(Study material)

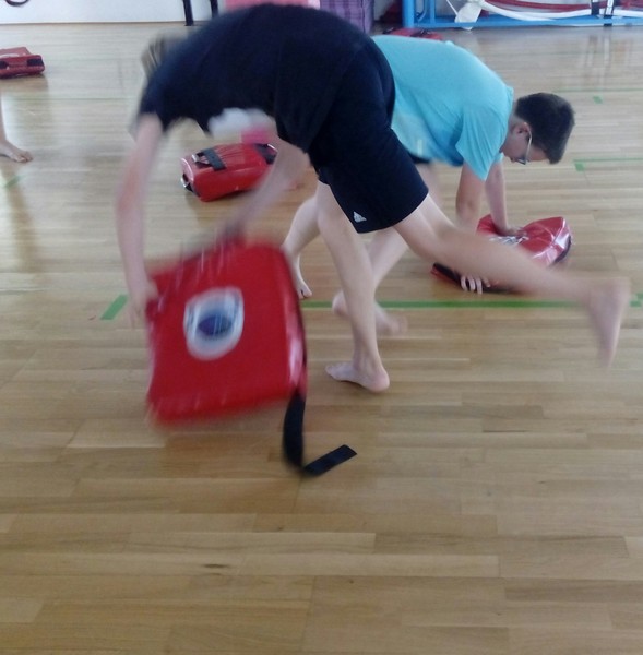 In der zweiten Woche der Sommerferien (02.07. – 06.07.2018) führten wir mit den Schülerinnen und Schülern das Projekt „Fit in den Sommerferien“ durch. In den Räumlichkeiten des Power Out-Zentrums powerten wir uns unter Anleitung professioneller Trainer aus. Die Räumlichkeiten boten zahlreiche Möglichkeiten uns sportlich zu betätigen. Mit Bällen trainierten wir unser Gleichgewichtsgefühl, boxten mit Händen und kickten mit den Füßen, führten mit Schildern Spiele durch, dehnten uns und rangen und rauften im „Ring“. Vielen Dank an das sympathische Team des Power Out-Zentrums.
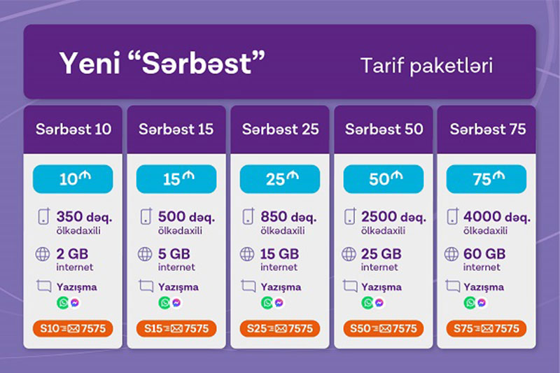 Azercell müştərilərinə Sərbəst 10 tarifi çərçivəsində ayda cəmi 10 AZN ödəməklə 2GB internet və 350 ölkədaxili dəqiqə; Sərbəst 15 tarifində ayda 15 AZN-ə 5 GB internet və 500 ölkədaxili dəqiqə; Sərbəst 25 tarifində ayda 25 AZN-ə 15 GB internet və 850 ölkədaxili dəqiqə; Sərbəst 50 tarifində ayda 50 AZN-ə 25 GB internet və 2500 ölkədaxili dəqiqə; Sərbəst 75 tarifində ayda 75 AZN-ə 60 GB internet və 4000 ölkədaxili dəqiqə təklif edir.
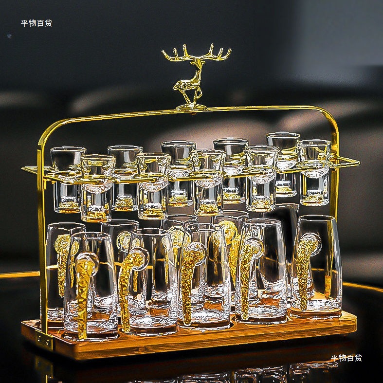 高級軽豪華水晶ガラス白杯セット家庭用金山一口杯小杯二両藍山分耐久性
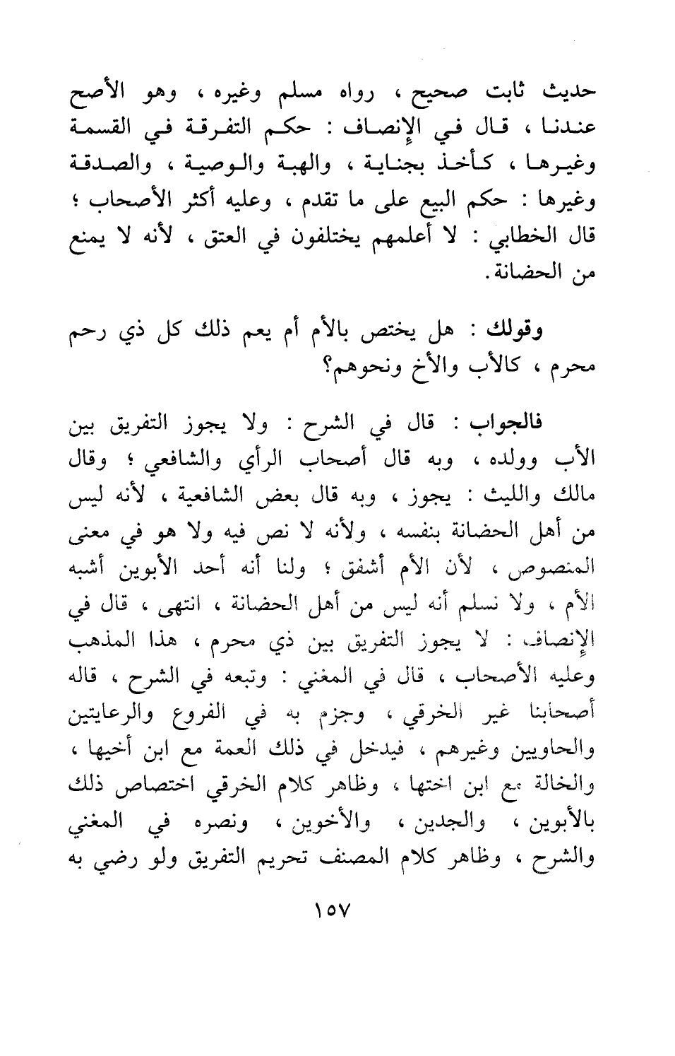 وقولك: هل يختص بالأم أم يعم ذلك كل ذي رحم محرم، كالأب والأخ ونحوهم؟ فالجواب: قال في الشرح: ولا يجوز التفريق بين الأب وولده، وبه قال أصحاب الرأي والشافعي. وقال مالك والليث: يجوز، وبه قال بعض الشافعية، لأنه ليس من أهل الحضانة بنفسه، ولأنه لا نص فيه ولا هو في معنى المنصوص، لأن الأم أشفق; ولنا أنه أحد الأبوين أَشْبَهَ الأم، ولا نسلم أنه ليس من أهل الحضانة. انتهى. قال في الإنصاف: لا يجوز التفريق بين ذي محرم، هذا المذهب وعليه الأصحاب، قال في المغني، وتبعه في الشرح: قاله أصحابنا غير الخرقي، وجزم به في الفروع والرعايتين والحاويين وغيرهم، فيدخل في ذلك العمة مع ابن أخيها، والخالة مع ابن أختها. وظاهر كلام الخرقي اختصاص ذلك بالأبوين، والجدين، والأخوين، ونصره في المغني والشرح. وظاهر كلام المصنف تحريم التفريق ولو رضي به،
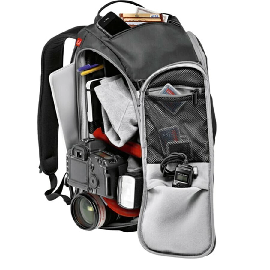 A mochila Advanced Travel Backpack MBMABPTRV preta da Manfrotto acomoda uma DSLR com uma lente acoplada, duas lentes adicionais, um flash e acessórios entre divisórias. Um bolso traseiro dedicado suporta até um laptop de 13 "e um bolso lateral expansível fechado suporta um tripé compacto Manfrotto Befree. Para acessórios, há uma área de armazenamento superior espaçosa e vários bolsos de armazenamento externos e internos. Destaques do produto: Serve para DSLR, 3 lentes, flash e acessórios Bolso Traseiro Dedicado para Laptop de 13 " Bolso Expansível para Tripé Befree Compartimento de arrumação superior espaçoso Bolsos externos e acessórios interiores Divisor de Compartimento Principal Removível Painel de Acesso Lateral Rápido Acessório de Tripé Frontal Arnês de mochila acolchoada Punho de aperto superior Dimensões exteriores 30 cm x 48 cm x 18 cm Nylon Material Exterior Tipo de Fecho Zíper Capa de chuva de resistência a água Itens Inclusos: 01 Mochila MBMABPTRV da Manfrotto – Preta 01 Capa de Chuva Peso: 840g Garantia: 06 meses
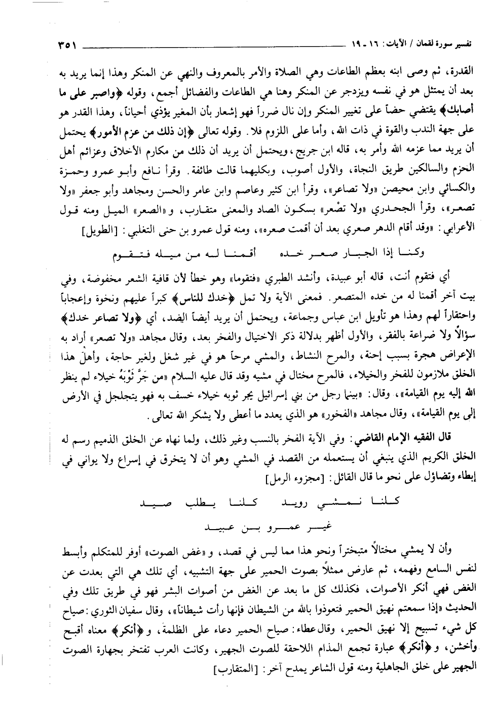 القدرة، ثم وصى ابنه بعظم الطاعات وهي الصلاة والأمر بالمعروف والنهي عن المنكر وهذا إنما يريد به بعد أن يمتثل هو في نفسه ويزدجر عن المنكر وهنا هي الطاعات والفضائل أجمع، وقوله وَاصْبِرْ عَلى ما أَصابَكَ يقتضي حضا على تغيير المنكر وإن نال ضررا فهو إشعار بأن المغير يؤذي أحيانا، وهذا القدر هو على جهة الندب والقوة في ذات الله، وأما على اللزوم فلا. وقوله تعالى إِنَّ ذلِكَ مِنْ عَزْمِ الْأُمُورِ يحتمل أن يريد مما عزمه الله وأمر به، قاله ابن جريج، ويحتمل أن يريد أن ذلك من مكارم الأخلاق وعزائم أهل الحزم والسالكين طريق النجاة، والأول أصوب، وبكليهما قالت طائفة. وقرأ نافع وأبو عمرو وحمزة والكسائي وابن محيصن «ولا تصاعر» ، وقرأ ابن كثير وعاصم وابن عامر والحسن ومجاهد وأبو جعفر «ولا تصعر» ، وقرأ الجحدري «ولا تصعر» بسكون الصاد والمعنى متقارب، و «الصعر» الميل ومنه قول الأعرابي: «وقد أقام الدهر صعري بعد أن أقمت صعره» ، ومنه قول عمرو بن حنى التغلبي: [الطويل]

(End Study material)

**What to work on**
Restate exactly, please, only the lines between the start of the data and the line containing "高級軽豪華水晶ガラス白杯セット家庭用金山一口杯小杯二両藍山分耐久性", both ends included, skipping the pictures.

**Response for this exercise**
 In der zweiten Woche der Sommerferien (02.07. – 06.07.2018) führten wir mit den Schülerinnen und Schülern das Projekt „Fit in den Sommerferien“ durch. In den Räumlichkeiten des Power Out-Zentrums powerten wir uns unter Anleitung professioneller Trainer aus. Die Räumlichkeiten boten zahlreiche Möglichkeiten uns sportlich zu betätigen. Mit Bällen trainierten wir unser Gleichgewichtsgefühl, boxten mit Händen und kickten mit den Füßen, führten mit Schildern Spiele durch, dehnten uns und rangen und rauften im „Ring“. Vielen Dank an das sympathische Team des Power Out-Zentrums.
 Azercell müştərilərinə Sərbəst 10 tarifi çərçivəsində ayda cəmi 10 AZN ödəməklə 2GB internet və 350 ölkədaxili dəqiqə; Sərbəst 15 tarifində ayda 15 AZN-ə 5 GB internet və 500 ölkədaxili dəqiqə; Sərbəst 25 tarifində ayda 25 AZN-ə 15 GB internet və 850 ölkədaxili dəqiqə; Sərbəst 50 tarifində ayda 50 AZN-ə 25 GB internet və 2500 ölkədaxili dəqiqə; Sərbəst 75 tarifində ayda 75 AZN-ə 60 GB internet və 4000 ölkədaxili dəqiqə təklif edir.
 高級軽豪華水晶ガラス白杯セット家庭用金山一口杯小杯二両藍山分耐久性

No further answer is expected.